Results (z-scores) of MC4R Deep Mutational Scans across all agonist stimulation conditions.

Shown are z-scores indicating the effect of each variant (y-axis) at each position (x-axis) relative to wild-type. GoF: gain-of-function; LoF: loss-of-function, WT: wild-type.

Results (log2[fold change]) of MC4R Deep Mutational Scans across all agonist stimulation conditions.

Shown are the log2(fold change) values of each variant (y-axis) at each position (x-axis) relative to wild-type. GoF: gain-of-function; LoF: loss-of-function, WT: wild-type.

MC4R Deep Mutational Scans are consistent with variant effect predictions.

A., B. Shown are z-scores for each MC4R variant (x-axis) from the Gs-α-MSH-low (forskolin normalized) DMS condition relative to the AlphaMissense (A) or popEve (B) score of the variant. GoF: gain-of-function; LoF: loss-of-function, WT: wild-type.

Variants with differential effects on Gs and Gq signaling.

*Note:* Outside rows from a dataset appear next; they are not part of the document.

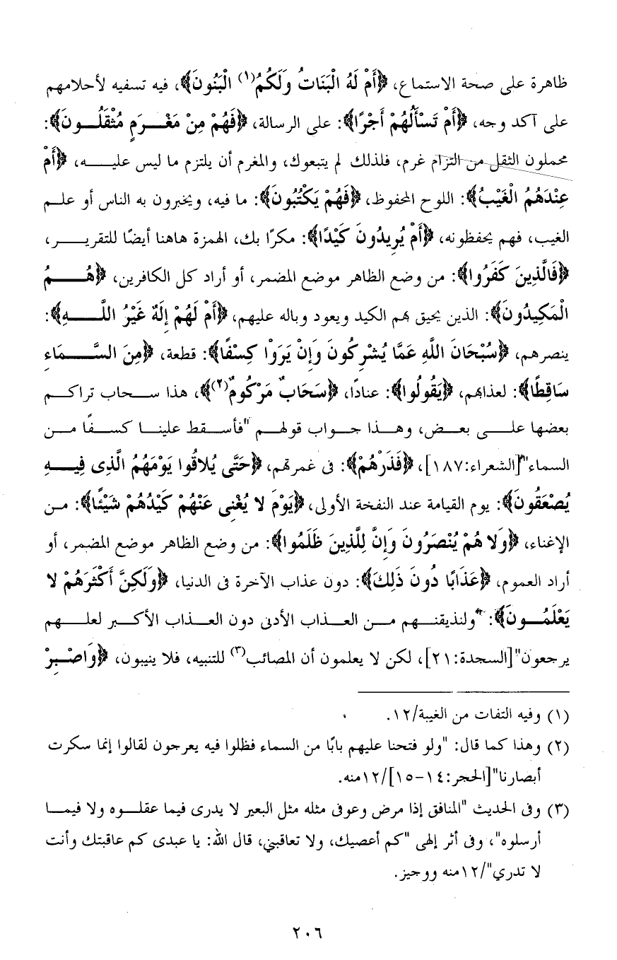 ظاهرة على صحة الاستماع، (أَمْ لَهُ الْبَنَاتُ وَلَكُمُ الْبَنُونَ)، فيه تسفيه لأحلامهم على آكد وجه، (أَمْ تَسْأَلُهُمْ أَجْرًا): على الرسالة، (فَهُمْ مِنْ مَغْرَمٍ مُثْقَلُونَ): محملون الثقل من التزام غرم، فلذلك لم يتبعوك، والمغرم أن يلتزم ما ليس عليه، (أَمْ عِنْدَهُمُ الْغَيْبُ): اللوح المحفوظ، (فَهُمْ يَكْتُبُونَ): ما فيه، ويخبرون به الناس أو علم الغيب، فهم يحفظونه، (أَمْ يُرِيدُونَ كَيْدًا): مكرًا بك، الهمزة هاهنا أيضًا للتقرير، (فَالَّذِينَ كَفَرُوا): من وضع الظاهر موضع المضمر، أو أراد كل الكافرين، (هُمُ الْمَكِيدُونَ): الذين يحيق بهم الكيد ويعود وباله عليهم، (أَمْ لَهُمْ إِلَهٌ غَيْرُ اللهِ): ينصرهم، (سُبْحَانَ اللهِ عَمَّا يُشْرِكونَ وَإِنْ يَرَوْا كِسْفًا): قطعة، (مِنَ السَّمَاءِ سَاقِطًا): لعذابهم، (يَقُولُوا): عنادًا، (سَحَابٌ مَرْكُومٌ)، هذا سحاب تراكم بعضها على بعض، وهذا جواب قولهم (فأسقط علينا كسفًا من السماء) [الشعراء: 187]، (فَذَرْهُمْ): في غمرتهم، (حَتَّى يُلاقُوا يَوْمَهُمُ الَّذِي فِيه يُصْعَقُونَ): يوم القيامة عند النفخة الأولى، (يَوْمَ لَا يُغْنِي عَنْهُمْ كَيْدُهُمْ شَيْئًا): من الإغناء، (وَلَا هُمْ يُنْصَرُونَ وَإِنَّ لِلَّذِينَ ظَلَمُوا): من وضع الظاهر موضع المضمر، أو أراد العموم، (عَذَابًا دُونَ ذَلِكَ): دون عذاب الآخرة في الدنيا، (وَلَكِنَّ أَكْثَرَهُمْ لا يَعْلَمُون): (وَلَنُذِيقَنَّهُمْ مِنَ الْعَذَابِ الْأَدْنَى دُونَ الْعَذَابِ الْأَكْبَرِ لَعَلَّهُمْ يَرْجِعُونَ) [السجدة: 21]، لكن لا يعلمون أن المصائب للتنبيه، فلا ينيبون، (وَاصْبِرْ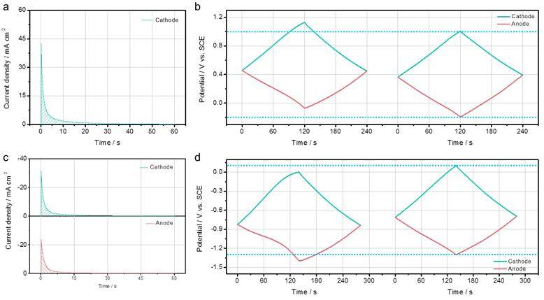 (c-d) 利用不同恒电位对负极进行预充电后,电容器正极(c)和负极(d)的工作电位区间发生负移。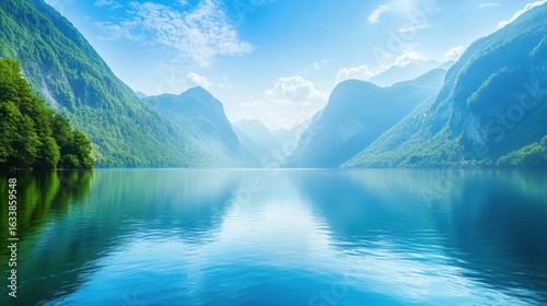Turquoise fjord between green mountains under blue sky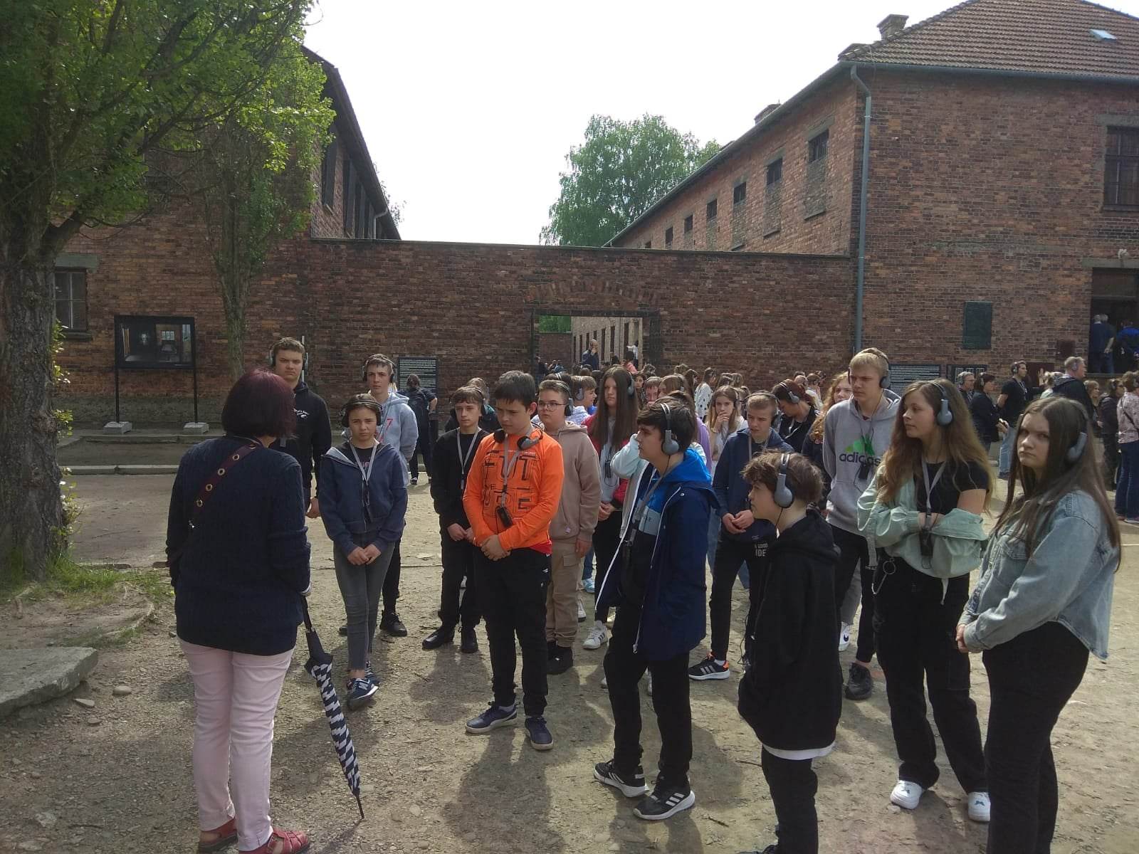 We wtorek 16 maja uczniowie klas VII-VIII zwiedzili były niemiecki nazistowski obóz koncentracyjny Auschwitz-Birkenau w Oświęcimiu. Zobaczyli m. in. wystawę stałą, baraki, rampę wyładowczą, ruiny komór gazowych i krematoriów. Poznali historię powstania obozu oraz warunki życia więźniów. Była to żywa lekcja historii w miejscu, gdzie podczas II wojny światowej niemieccy naziści dokonali zagłady ponad miliona osób.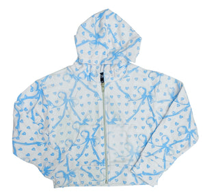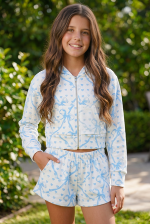 Layer her look in effortless style with this blue bow print zip-up hoodie by Flowers by Zoe (FBZ). Featuring a soft blue bow print all over, this lightweight hoodie brings together comfort and boutique-worthy design.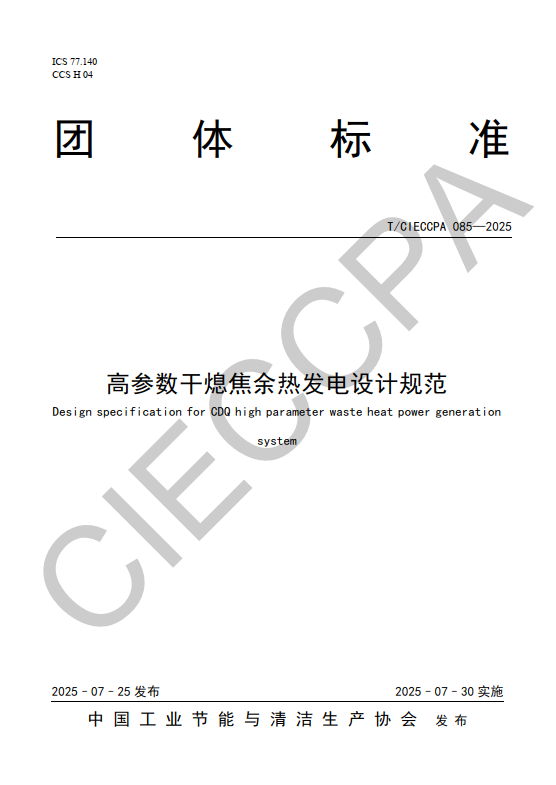在"十四五"规划收官与"双碳"战略纵深推进的2025年关键节点,我司作为核心起草单位编制团体标准《高参数干熄焦余热发电设计规范》(T/CIECCPA 085-2025),已于2025年7月30日正式实施。这项标准凝聚了我司二十余年在焦化节能领域的技术积淀。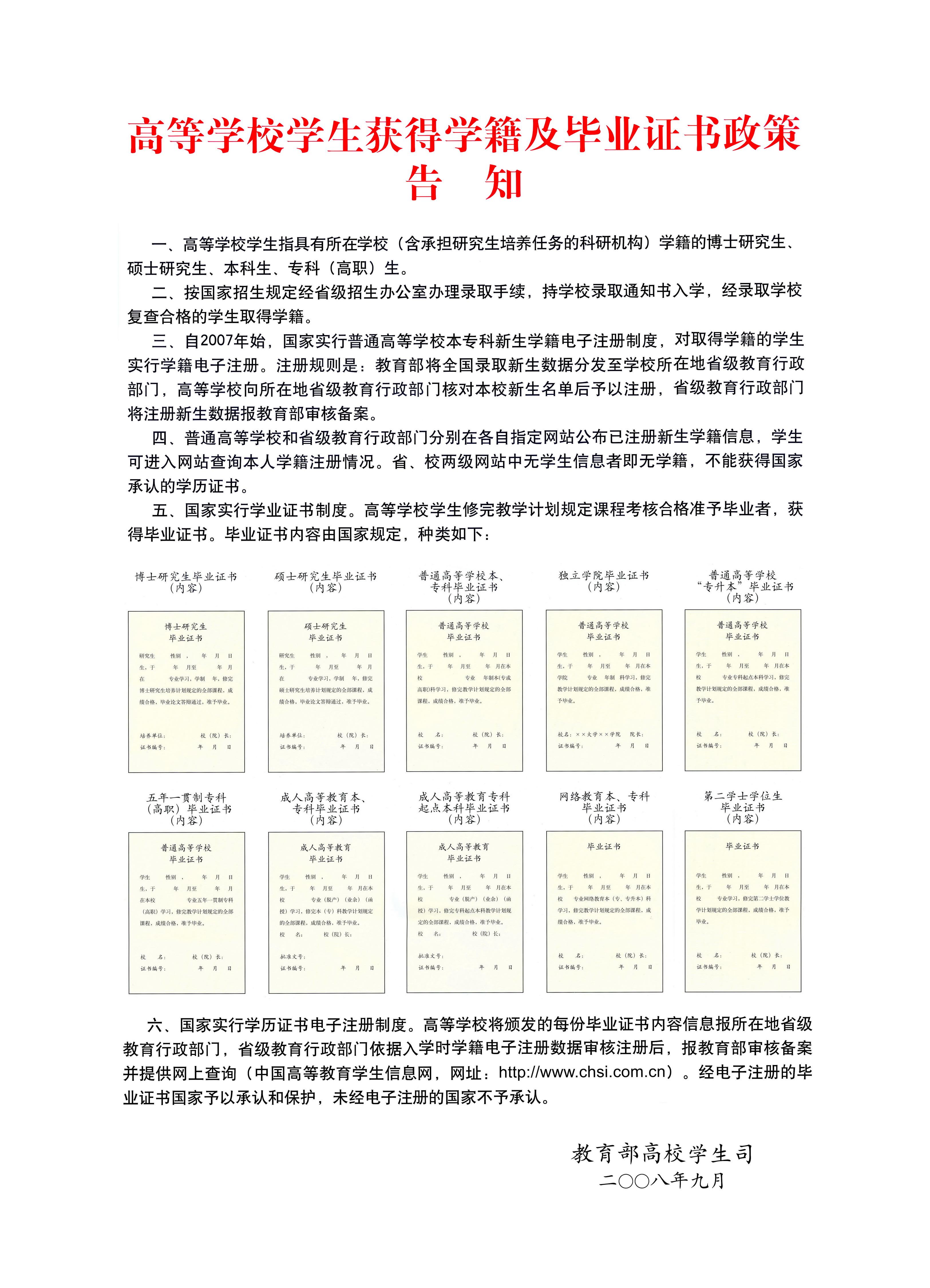 高校学生获得学籍及毕业证书政策告知

A. PCA of z-scores from all Gs and Gq assays using no, low, medium, and high α-MSH. Each point represents a variant, with stop codon variants colored in blue and supporting that PC1 is driven by variants that are LoF in both Gs and Gq assays versus those that retain activity in one or both assays. B. Same PCA as A but with arrows showing how each of the incorporated datasets is contributing to the components. This supports that PC2 is driven by differences in Gs and Gq signaling. C,D. Additional examples of variants that have differential effects on Gs and Gq signal, as in Fig. 3C,D. Left: Closeup of MC4R structure showing positions of interest in purple. Right/Bottom: MC4R signaling activity (log2[fold change of variant activity relative to wild-type]) for selected variants across α-MSH doses. Error bars are +/- 2 standard errors. Med: medium; WT: wild-type

Identification of variants that respond to corrector treatment.

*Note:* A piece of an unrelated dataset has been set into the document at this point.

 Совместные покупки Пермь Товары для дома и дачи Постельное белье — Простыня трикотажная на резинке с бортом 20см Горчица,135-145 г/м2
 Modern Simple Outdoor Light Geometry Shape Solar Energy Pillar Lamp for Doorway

Scatter plot showing activity of each MC4R variant in Gs signaling assay upon stimulation with 1 μM α-MSH (>EC99) in the absence of corrector (x-axis) versus upon treatment with 1 μM Ipsen 17 followed by stimulation with 1 μM α-MSH (>EC99) (y-axis). Each point represents a variant, with those in red classified as both 1) loss-of-function in the absence of corrector; and 2) functionally rescued in the Ipsen 17 treatment condition (see Methods for details).

Variants that differentially impact activation by peptide versus small molecule agonists.

A. PCA of z-scores from all Gs signaling assays with no, low, medium, and high concentrations of α-MSH or THIQ. Each point represents a variant colored by whether it uniquely abrogates signaling in the α-MSH (blue) or THIQ (orange) condition(s). B. Top-down ribbon view of MC4R with bound α-MSH (left, blue; PDB: 7f53) or THIQ (right, orange; PDB: 7f58). MC4R residues are colored by whether variants at a given position disrupt activation uniquely by α-MSH (blue), THIQ (orange), both (green), or neither (gray). Residues 48, 104, and 129 are shown in stick form.